SOSP19 Day 1, Blockchain session

The second session on Day 1 was on blockchains. There were three papers on this session.

Teechain: A Secure Payment Network with Asynchronous Blockchain Access

This paper is by Joshua Lind (Imperial College London), Oded Naor (Technion), Ittay Eyal (Technion), Florian Kelbert (Imperial College London), Emin Gun Sirer (Cornell University), Peter Pietzuch (Imperial College London).

Bitcoin's throughput is a measly 4 transactions per second as limited by Nakamoto consensus. This leads to work on off-chain scaling via payment networks, e.g. lightning network.  The payment network consists of nodes that establish pairwise connections. To establish a multihop connection these pairwise connections are utilized as intermediaries. There are three phases to a payment network: setup a multihop connection, process payments for some time, perform a settlement where the final balance is written back to the blockchain.

To guard against a roll-back attack and ensure that the correct balance is written, the blockchain is used as the root of trust. If a node misbehaves,  writes an incorrect amount, the other reacts within delta time, corrects by providing proof of lightning transactions, resolves the situation, and  gets incentive for it.

The problem with this is that the reaction time delta requires synchronous access. Spam/congestion attacks can make some transactions take more than 7 days to be written to the chain. So what should be the appropriate value of delta, the reaction time? Security of the payment channel should not rely on read/write latencies.

To address this issue, the paper proposes Teechain, the first asynchronous blockchain access payment network. Teechain removes the blockchain as root-of trust by introducing another root of trust, a treasury. Treasury controls funds, balances, and payments. But how do we realize treasuries for blockchains, avoiding centralization and trust?

Teechain uses committees for realizing treasuries for blockchains. A treasury committee consists of n parties in the network, and requires m out of n parties to agree before accessing funds. But how large should m and n be? Large committees are problematic for scaling. To reduce the size of committees, the paper proposes trusted executions, such as the Intel SGX enclave. The enclaves guards against software hardware attacks, and uses trusted execution environments (tees) to secure committee members. The paper does not take tees as the entire solution, because some attacks, like foreshadow could still be possible with tees. Instead, the paper uses tees to increase the attack costs and combines tees with treasury committees to solve the problem securely.

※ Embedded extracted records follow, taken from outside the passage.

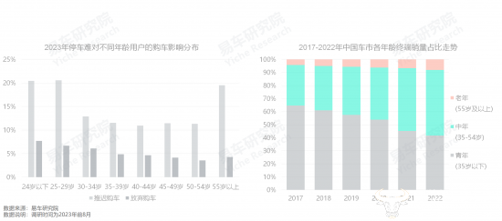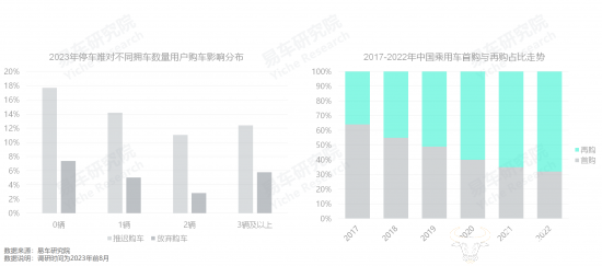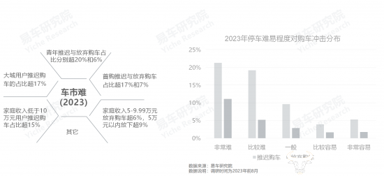 2023年,“停车难”更容易冲击首购用户的购车行为,推迟与放弃的占比分别超过17%和7%
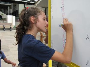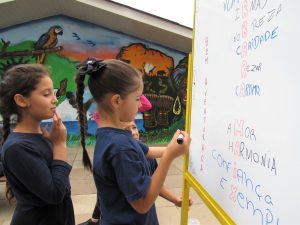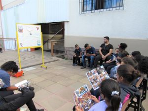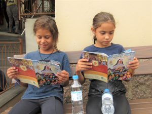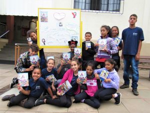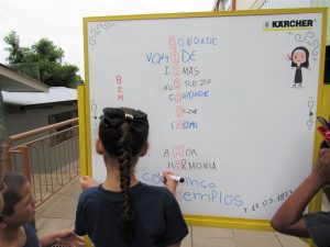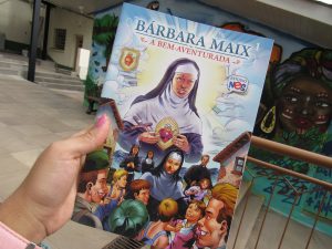 As crianças e adolescentes fizeram a leitura do livro onde conta a história e trajetória de Bárbara Maix em sua vida religiosa. Após a leitura, juntos montaram um acrostico com o nome de Bárbara onde cada um escreveu uma palavra que lembrasse seus ensinamento e características.
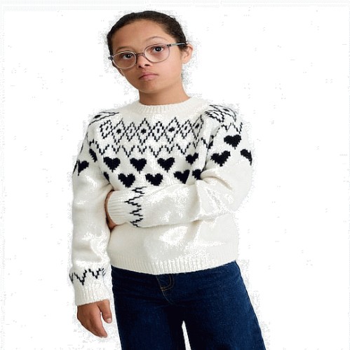 F&F Girls Heart Fair Isle Print Jumper in Multi Black White
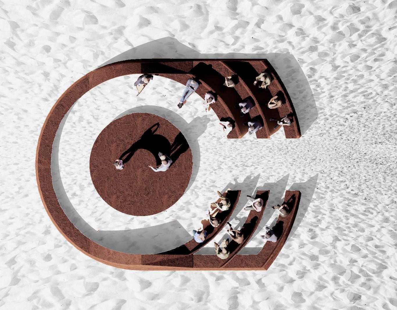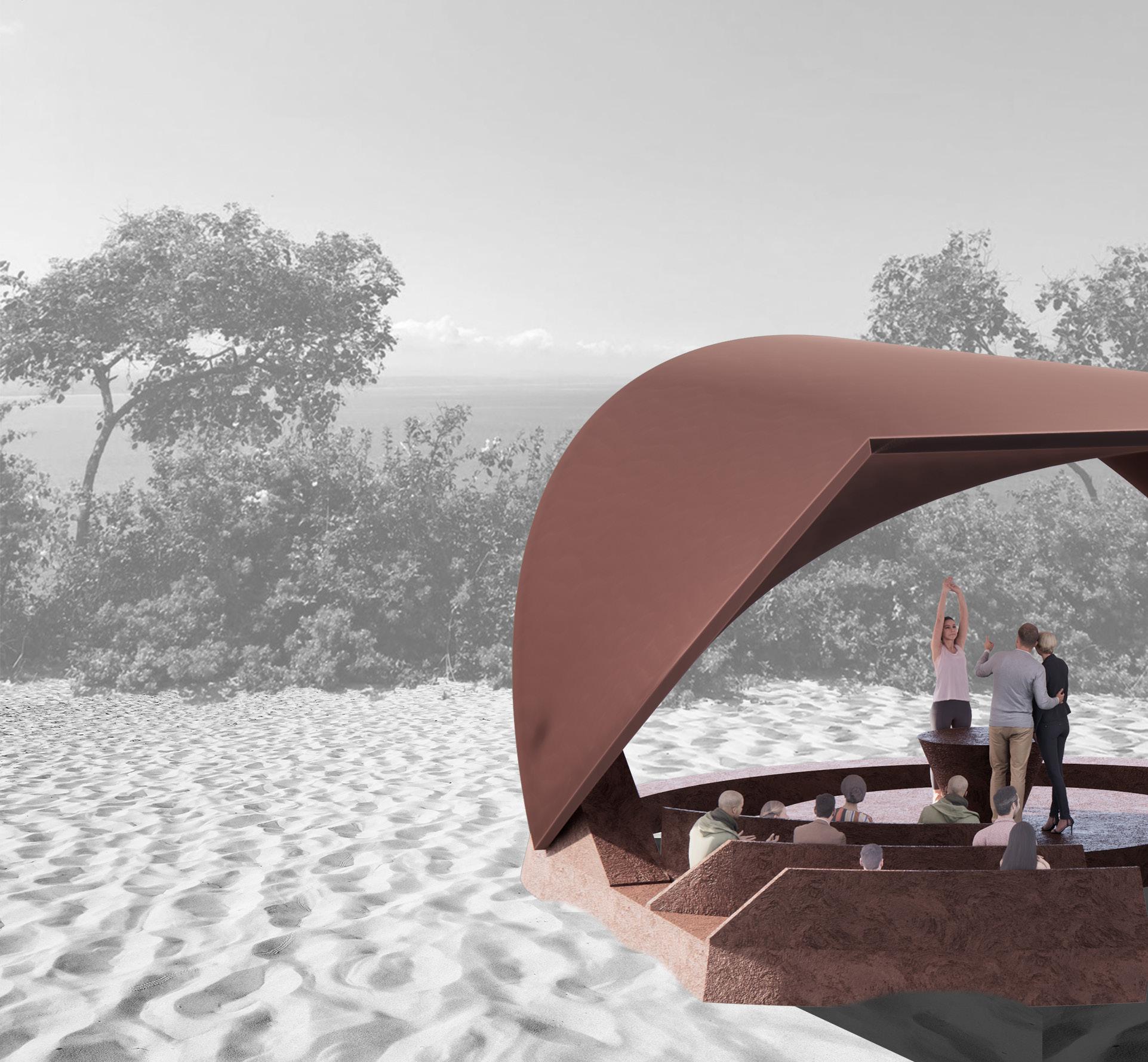 An all-faiths private chapel, intended to open on occasion to the public, for small religious rites. The chapel is composed by two main elements: The ”base” and the “roof”. The first being a continuous ground level concrete structure that hosts users and defines the activities. The second with its curved geometry adapts to the activities underneath. The roof is wide and flat over the entrance, starts curving over the benches and becomes a frame at the sides of the altar, all the while funnelling the view and enhancing the perspective at the everchanging background of the Pacific Ocean.
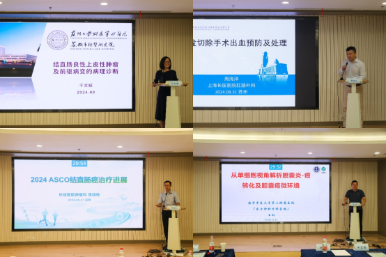 会议围绕三项主题开展,围绕结直肠肿瘤,苏大附四院病理科干文娟主任讲授结直肠良性上皮性肿瘤的特点及前驱病变病理诊断的要点;海军军医大学附属长征医院肛肠科周海洋副主任讲授全盆手术出血的预防及处理方式;海军军医大学附属长征医院肿瘤科焦晓栋副主任讲授直肠癌的化疗和免疫新进展。

OK, how does the treasury committee maintain agreement? Chain replication is used for propagating the transactions to the committee. Even though the committee members use tees, they do not rule out that some nodes can still be byzantine, so there is an m-out-of-n agreement at the end. If chain replication is applied naively, some attacks are possible. So Teechain uses a variant called force-freeze chain replication, where if the chain configuration is changed or if there is a fault, the decision is an abort decision, and the state is dumped.

The paper includes evaluations to show that Teechain scales out. Evaluations were done using a complete graph and a hub-spoke graph. For committee sizes n=3 or 4 are used, and it was shown that 1 million tx/sec are possible using 30 machines.

Teechain is available as opensource from

Fast and Secure Global Payments with Stellar

This paper is by Marta Lokhava (Stellar), Giuliano Losa (Galois), David Mazières (Stanford), Graydon Hoare (Stellar), Nicolas Barry (Stellar), Eliezer Gafni (UCLA), Jonathan Jove (Stellar), Rafał Malinowski (Stellar), Jed McCaleb (Stellar).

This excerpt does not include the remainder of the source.